**Work instructions:**
For the material that follows, tally the lines holding "línea" and give the total alone.

**Records for this task:**
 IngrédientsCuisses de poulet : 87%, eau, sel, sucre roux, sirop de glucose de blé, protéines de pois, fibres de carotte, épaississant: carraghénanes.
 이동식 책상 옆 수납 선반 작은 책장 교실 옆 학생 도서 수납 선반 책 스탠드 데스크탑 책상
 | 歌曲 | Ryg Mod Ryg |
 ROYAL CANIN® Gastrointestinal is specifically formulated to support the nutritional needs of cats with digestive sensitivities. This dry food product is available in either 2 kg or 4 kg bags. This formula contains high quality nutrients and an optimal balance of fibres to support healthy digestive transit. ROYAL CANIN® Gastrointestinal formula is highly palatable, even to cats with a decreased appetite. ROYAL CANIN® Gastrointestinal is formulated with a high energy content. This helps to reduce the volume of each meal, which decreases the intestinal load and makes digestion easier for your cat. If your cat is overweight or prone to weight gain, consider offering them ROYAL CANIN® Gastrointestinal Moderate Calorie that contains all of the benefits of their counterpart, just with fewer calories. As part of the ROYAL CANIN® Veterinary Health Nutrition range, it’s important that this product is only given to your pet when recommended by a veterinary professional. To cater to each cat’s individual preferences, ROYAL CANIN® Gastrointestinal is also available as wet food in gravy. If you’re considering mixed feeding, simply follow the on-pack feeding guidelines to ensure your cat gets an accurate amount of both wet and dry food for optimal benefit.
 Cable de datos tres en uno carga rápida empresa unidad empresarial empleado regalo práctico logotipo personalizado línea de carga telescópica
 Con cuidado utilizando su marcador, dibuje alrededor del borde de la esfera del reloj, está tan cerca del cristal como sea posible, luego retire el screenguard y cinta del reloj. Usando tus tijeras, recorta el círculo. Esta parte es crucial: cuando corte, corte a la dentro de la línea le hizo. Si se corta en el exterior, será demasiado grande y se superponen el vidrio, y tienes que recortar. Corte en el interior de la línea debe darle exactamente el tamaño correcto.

**Reply to the exercise:**
2